Иов остался один. Сидел оцепенело. Чихнул пару раз от угольной пыли. Чайник же надо вскипятить? Ага. А где вскипятить? Печки то больше нет. Вот ведь не может без спектакля и правда… Вот ведь, черт носатый. Иов еще раз чихнул сажей.

Снова в лес

Я слышал о Тебе слухом уха; 

теперь же мои глаза видят Тебя

Иов. 42:5-6

Полосатый забрался на колени. Он стал сейчас обычным котом, который не разговаривает с тобой в твоей голове, не дает советы, не ворчит и не брюзжит. Просто свернулся, насколько это было ему удобно, на коленях калачиком. Кот был крупный и коленей мальчика не хватало, как Полосатый ни сворачивался — даже сгибая шею и выворачивая голову, задняя часть перевешивалась и сваливалась. Несколько раз покрутившись, кот перестал стараться и просто свисал немного. Он прижался к мальчику. Коту было паршиво на душе, но более старший (по кошачьим меркам) и умудренный жизнью, он пытался создавать видимость спокойствия.
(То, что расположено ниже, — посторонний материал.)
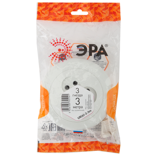 Удлинитель ЭРА серии UX без заземления: провод ШВВП 2x0.75мм2, корпус - ABS-пластик, негорючие вставки из армлена, максимальная нагрузка - 6A/1300Вт
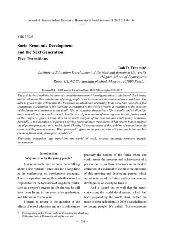 Библиографическое описание: Froumin, Isak. Socio-Economic Development and the Next Generation: Five TrasiTions = Социально-экономическое развитие и следующее поколение: пять переходов / I. D. Froumin. - Текст : непосредственный // Журнал Сибирского федерального университета. Гуманитарные науки. - 2012. - Т. 5, № 11. - С. 1534-1541 : ил. - ISSN 1997-1370.
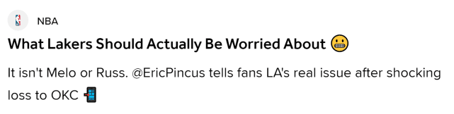 谈到湖人目前的问题,Eric Pincus提到了很多方面。比如,小乔丹该不该首发?威少和詹姆斯是不是匹配?威少打得会不会太快?湖人进攻会不会很糟糕?伤病影响了湖人战绩?湖人的阵容年龄是不是太老了?不过,最终Eric Pincus指出,和上述这些问题相比,湖人最该担忧的是他们的防守:昔日的优势,已经成为如今的短板。
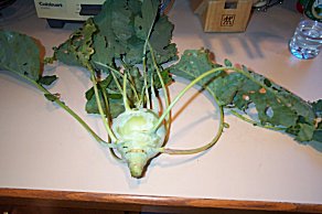 | We even got a kohlrabi..! This is a lot like a radish on steroids. It's kind of hard to judge the scale, but this is bigger than a tennis ball and smaller than a baseball... | ![]() |
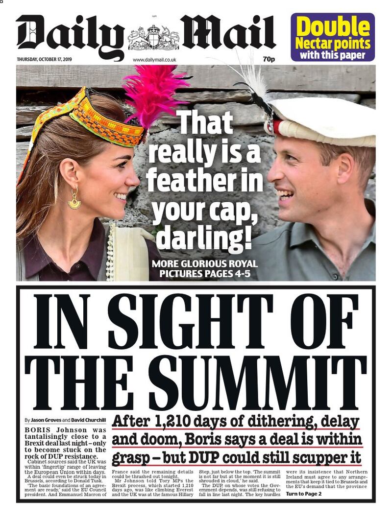 The Mail, always a fan of letting readers know exactly how long it has been since the Brexit referendum, says: “After 1,210 days of dithering, delay and doom, Boris says deal is ‘fingertip close’ – but DUP could still scupper it”.
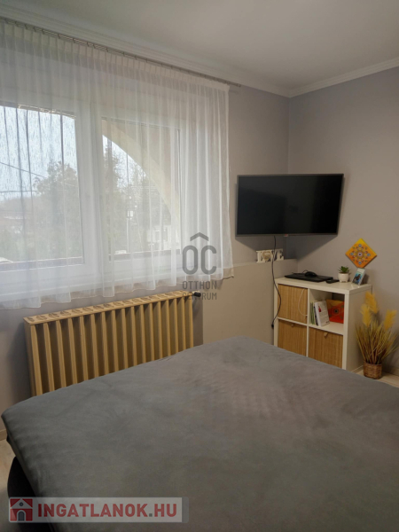 Felújított szoba: az egyik helyiség teljeskörűen megújult ( új burkolat, modern, 3 rétegű hangszigetelt nyílászáró, valamint új villanyvezetékek kerültek beépítésre)
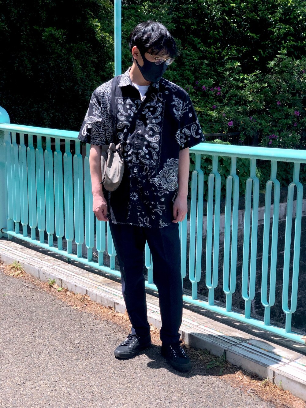 近所を散歩。 久しぶりの柄シャツはZARAの物。 元々オーバーサイズの商品ですが、Mサイズなのでさらに大きめに。 インナーにはユニクロのエアリズムコットンTシャツを着用しています。
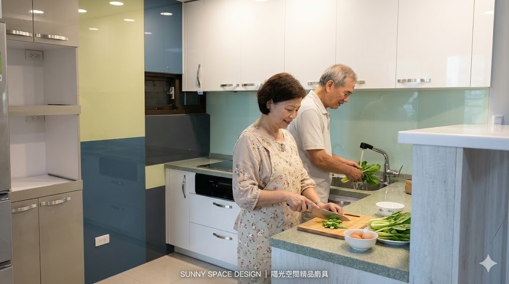孩子長大的速度超乎想像,在這個小而溫暖的廚房裡,媽媽與孩子一起開冰箱選點心,生活感滿溢。電器櫃整合微波爐、烤箱、穀片區,空間乾淨、動線順暢,是最適合親子家庭的小坪數廚房設計。
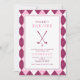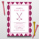 Celebre em estilo com este convite de aniversário chic e temático de golfe projetado apenas para ela! Apresentando um título lúdico do "PAR-TEE" e clubes de golfe cruzados. A fronteira clássica de argyle tem uma reviravolta feminina em tons de rosa, acrescentando um toque divertido e moderno. Com tipografia moderna e limpa para todos os detalhes do evento, este convite é perfeito para qualquer mulher que ama o golfe - de qualquer idade, este convite dá o tom perfeito para uma celebração que certamente será um buraco-em-um!
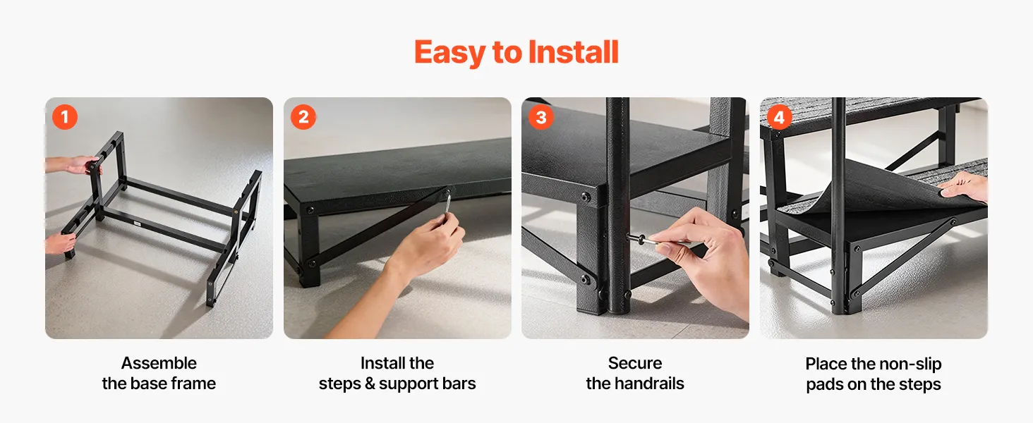 Built with sturdy materials and a reinforced structure, these steps support up to 660 lbs / 299.38 kg and can accommodate 3-4 people standing at the same time.
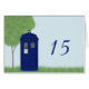 Quirky and fun Police Box Wedding Table Number Card featuring a brilliant blue vintage police box in a pretty field with a tree in the background. Easy to customise, simply add the text of your choosing in the text fields provided. Click "Customise It" to find more personalisation options.

Мальчик погладил его. Раз, другой. Кот начал резко подставлять голову под руку, слегка, а иногда и с силой, тыкаться носом и клыком в гладящую его руку. Мальчик продолжал гладить, а кот мурлыкал.

Мурчание было нарочито громким и в гулкой тишине пустого шоссе и от этого становилось не так страшно — не было так тихо, тишина уже не так пугала. По гладящей его руке, уже расслабленной, по стихшему дыханию и уже не льющимся слезам мальчика кот понял, что его отпустило. Посидели еще несколько минут в тишине только под мурлыканье Полосатого.

— Опять в место нехорошее попали, — проговорил в итоге в голове мальчика кот. — Сколько ж их у нас по пути то?

— Как тогда, кот?

— Не знаю. Чувствую, что хуже, чем прошлые как на болоте или когда люди в лесу странные сидели.

— Мы же проберемся? — по голосу мальчика слышалось, что он, скорее, хочет верить в это, чем верит сам.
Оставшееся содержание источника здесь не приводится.